The problem: The response should be the records below, repeated exactly, with each picture left out.

Source data:
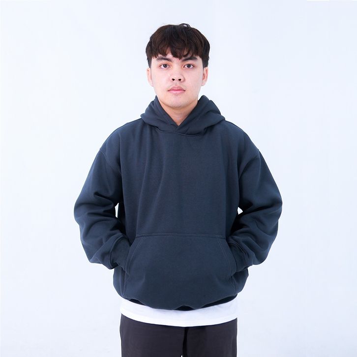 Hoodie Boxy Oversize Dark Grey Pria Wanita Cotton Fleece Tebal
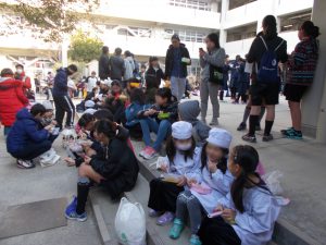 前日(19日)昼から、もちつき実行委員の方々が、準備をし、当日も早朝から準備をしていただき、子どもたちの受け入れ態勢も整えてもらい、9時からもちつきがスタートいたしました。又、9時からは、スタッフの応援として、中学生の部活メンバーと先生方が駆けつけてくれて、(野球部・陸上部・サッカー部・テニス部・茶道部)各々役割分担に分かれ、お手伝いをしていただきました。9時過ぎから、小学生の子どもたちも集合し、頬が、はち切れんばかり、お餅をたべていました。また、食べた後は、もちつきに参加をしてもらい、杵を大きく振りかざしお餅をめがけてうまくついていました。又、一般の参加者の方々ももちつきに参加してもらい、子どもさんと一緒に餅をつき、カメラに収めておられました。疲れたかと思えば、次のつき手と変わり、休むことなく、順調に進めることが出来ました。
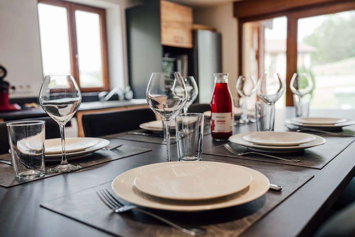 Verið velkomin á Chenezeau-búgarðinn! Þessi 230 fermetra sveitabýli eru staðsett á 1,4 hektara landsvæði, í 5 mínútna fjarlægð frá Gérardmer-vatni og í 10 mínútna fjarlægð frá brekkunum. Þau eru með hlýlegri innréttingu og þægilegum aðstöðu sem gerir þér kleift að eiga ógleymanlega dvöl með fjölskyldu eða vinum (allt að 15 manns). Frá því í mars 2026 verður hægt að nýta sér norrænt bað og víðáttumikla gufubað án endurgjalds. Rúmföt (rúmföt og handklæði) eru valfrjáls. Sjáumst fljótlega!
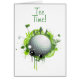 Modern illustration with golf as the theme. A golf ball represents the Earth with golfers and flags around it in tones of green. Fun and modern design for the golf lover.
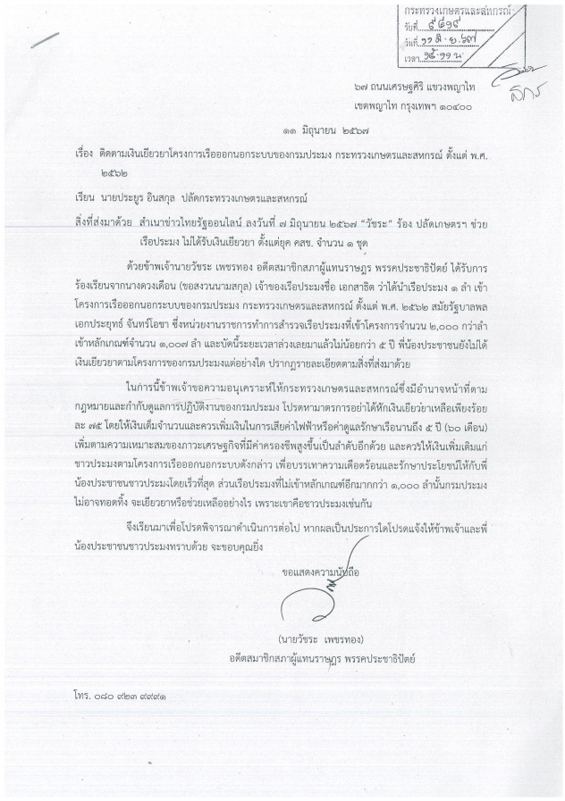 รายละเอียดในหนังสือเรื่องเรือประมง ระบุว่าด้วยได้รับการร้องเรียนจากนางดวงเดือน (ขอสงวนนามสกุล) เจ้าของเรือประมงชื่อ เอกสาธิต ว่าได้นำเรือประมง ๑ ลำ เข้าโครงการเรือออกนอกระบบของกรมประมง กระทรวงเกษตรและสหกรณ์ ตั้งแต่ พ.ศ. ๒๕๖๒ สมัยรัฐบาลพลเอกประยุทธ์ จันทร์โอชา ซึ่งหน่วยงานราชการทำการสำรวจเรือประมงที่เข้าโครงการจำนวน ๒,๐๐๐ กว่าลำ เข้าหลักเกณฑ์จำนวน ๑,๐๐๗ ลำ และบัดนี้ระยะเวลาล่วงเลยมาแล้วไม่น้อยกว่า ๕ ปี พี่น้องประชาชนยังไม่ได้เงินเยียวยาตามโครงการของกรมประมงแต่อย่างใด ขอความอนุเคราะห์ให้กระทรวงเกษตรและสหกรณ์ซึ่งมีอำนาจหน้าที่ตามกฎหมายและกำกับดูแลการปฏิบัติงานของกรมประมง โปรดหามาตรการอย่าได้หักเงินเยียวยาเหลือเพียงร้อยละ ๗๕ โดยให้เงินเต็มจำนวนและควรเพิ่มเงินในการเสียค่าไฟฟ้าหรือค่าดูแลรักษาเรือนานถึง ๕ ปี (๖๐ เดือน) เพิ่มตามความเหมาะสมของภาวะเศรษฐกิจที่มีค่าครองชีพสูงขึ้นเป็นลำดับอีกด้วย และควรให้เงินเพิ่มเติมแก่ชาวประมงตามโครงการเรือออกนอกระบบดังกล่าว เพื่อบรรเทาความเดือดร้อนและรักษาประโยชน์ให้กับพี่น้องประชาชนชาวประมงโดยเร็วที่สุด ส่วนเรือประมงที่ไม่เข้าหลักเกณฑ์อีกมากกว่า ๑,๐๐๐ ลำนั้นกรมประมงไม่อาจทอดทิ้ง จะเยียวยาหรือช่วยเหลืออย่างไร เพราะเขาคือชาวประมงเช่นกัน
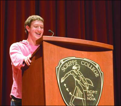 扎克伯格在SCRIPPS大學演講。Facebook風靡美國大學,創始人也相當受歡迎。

Response to this exercise:
 Hoodie Boxy Oversize Dark Grey Pria Wanita Cotton Fleece Tebal
 前日(19日)昼から、もちつき実行委員の方々が、準備をし、当日も早朝から準備をしていただき、子どもたちの受け入れ態勢も整えてもらい、9時からもちつきがスタートいたしました。又、9時からは、スタッフの応援として、中学生の部活メンバーと先生方が駆けつけてくれて、(野球部・陸上部・サッカー部・テニス部・茶道部)各々役割分担に分かれ、お手伝いをしていただきました。9時過ぎから、小学生の子どもたちも集合し、頬が、はち切れんばかり、お餅をたべていました。また、食べた後は、もちつきに参加をしてもらい、杵を大きく振りかざしお餅をめがけてうまくついていました。又、一般の参加者の方々ももちつきに参加してもらい、子どもさんと一緒に餅をつき、カメラに収めておられました。疲れたかと思えば、次のつき手と変わり、休むことなく、順調に進めることが出来ました。
 Verið velkomin á Chenezeau-búgarðinn! Þessi 230 fermetra sveitabýli eru staðsett á 1,4 hektara landsvæði, í 5 mínútna fjarlægð frá Gérardmer-vatni og í 10 mínútna fjarlægð frá brekkunum. Þau eru með hlýlegri innréttingu og þægilegum aðstöðu sem gerir þér kleift að eiga ógleymanlega dvöl með fjölskyldu eða vinum (allt að 15 manns). Frá því í mars 2026 verður hægt að nýta sér norrænt bað og víðáttumikla gufubað án endurgjalds. Rúmföt (rúmföt og handklæði) eru valfrjáls. Sjáumst fljótlega!
 Modern illustration with golf as the theme. A golf ball represents the Earth with golfers and flags around it in tones of green. Fun and modern design for the golf lover.
 รายละเอียดในหนังสือเรื่องเรือประมง ระบุว่าด้วยได้รับการร้องเรียนจากนางดวงเดือน (ขอสงวนนามสกุล) เจ้าของเรือประมงชื่อ เอกสาธิต ว่าได้นำเรือประมง ๑ ลำ เข้าโครงการเรือออกนอกระบบของกรมประมง กระทรวงเกษตรและสหกรณ์ ตั้งแต่ พ.ศ. ๒๕๖๒ สมัยรัฐบาลพลเอกประยุทธ์ จันทร์โอชา ซึ่งหน่วยงานราชการทำการสำรวจเรือประมงที่เข้าโครงการจำนวน ๒,๐๐๐ กว่าลำ เข้าหลักเกณฑ์จำนวน ๑,๐๐๗ ลำ และบัดนี้ระยะเวลาล่วงเลยมาแล้วไม่น้อยกว่า ๕ ปี พี่น้องประชาชนยังไม่ได้เงินเยียวยาตามโครงการของกรมประมงแต่อย่างใด ขอความอนุเคราะห์ให้กระทรวงเกษตรและสหกรณ์ซึ่งมีอำนาจหน้าที่ตามกฎหมายและกำกับดูแลการปฏิบัติงานของกรมประมง โปรดหามาตรการอย่าได้หักเงินเยียวยาเหลือเพียงร้อยละ ๗๕ โดยให้เงินเต็มจำนวนและควรเพิ่มเงินในการเสียค่าไฟฟ้าหรือค่าดูแลรักษาเรือนานถึง ๕ ปี (๖๐ เดือน) เพิ่มตามความเหมาะสมของภาวะเศรษฐกิจที่มีค่าครองชีพสูงขึ้นเป็นลำดับอีกด้วย และควรให้เงินเพิ่มเติมแก่ชาวประมงตามโครงการเรือออกนอกระบบดังกล่าว เพื่อบรรเทาความเดือดร้อนและรักษาประโยชน์ให้กับพี่น้องประชาชนชาวประมงโดยเร็วที่สุด ส่วนเรือประมงที่ไม่เข้าหลักเกณฑ์อีกมากกว่า ๑,๐๐๐ ลำนั้นกรมประมงไม่อาจทอดทิ้ง จะเยียวยาหรือช่วยเหลืออย่างไร เพราะเขาคือชาวประมงเช่นกัน
 扎克伯格在SCRIPPS大學演講。Facebook風靡美國大學,創始人也相當受歡迎。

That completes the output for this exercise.